Tuesday, December 10, 2013

first day in beijing

We took a train from Shanghai to Beijing to meet up with Andrew's friend Zach and his wife Wenjing. On the train we got to see a lot of the "country side" between the two towns. I put it in quotes, because there was no country side, it was all farms or cities. Huge cities I had never heard of that probably had millions of people living in them. We also saw China's love of high rise apartment buildings. There would be smaller town, probably no bigger than a few hundred thousand people, but there would be at least fifty or sixty apartment buildings, all highrises.

In Beijing, we had a nice place to stay, just outside of the Forbidden City and even more importantly, close to a Subway Restaurant, which was still a daily stop of ours (by the end of our time in Beijing, the lady who worked there recognized us and laughed whenever we came in). On our first day there, we met up with Zach and he took us to a park that was just outside the Forbidden City. It had a big hill in it that had a really good view into the Forbidden City.

After the park, we walked through a part of the old city of Beijing that was kept looking like it used to. It was full of one story grey concrete buildings with the traditional Chinese roof. It was a cute neighborhood, but the real reason for the excursion into it was to find one of Beijing's oldest Microbreweries, the Great Leap Brewing Company (and yes, the pun is intended).
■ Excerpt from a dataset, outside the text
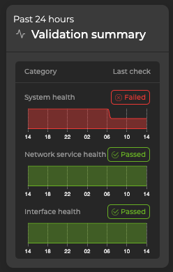 The Validation Summary card displays a summary of validations from the past 24 hours. Select Validation in the header to create or schedule new validation checks, as well as view previous checks.

After a few pints at the Great Leap, we headed into the big city part of Beijing, to meet up with Wenjing for our first real Chinese dinner. It was a restaurant style called Hot Pot where you get a big pot full of different stuff (water, oil, coconut water and spices) and then they just dump all the food you order into the pot for it to cook together. We let Zach and Wenjing order since they were the pros. We got mushrooms, lotus root and chicken. When in China and you order chicken, chickens are what you get.

Our chicken before it was dumped in the hot pot. Yes all of it.

 It was a good meal and sat well with our stomachs, so win, win. We also learned that the tastiest part of the chicken is its scalp... who knew. Only the beginning of the things we'd learn about food in China!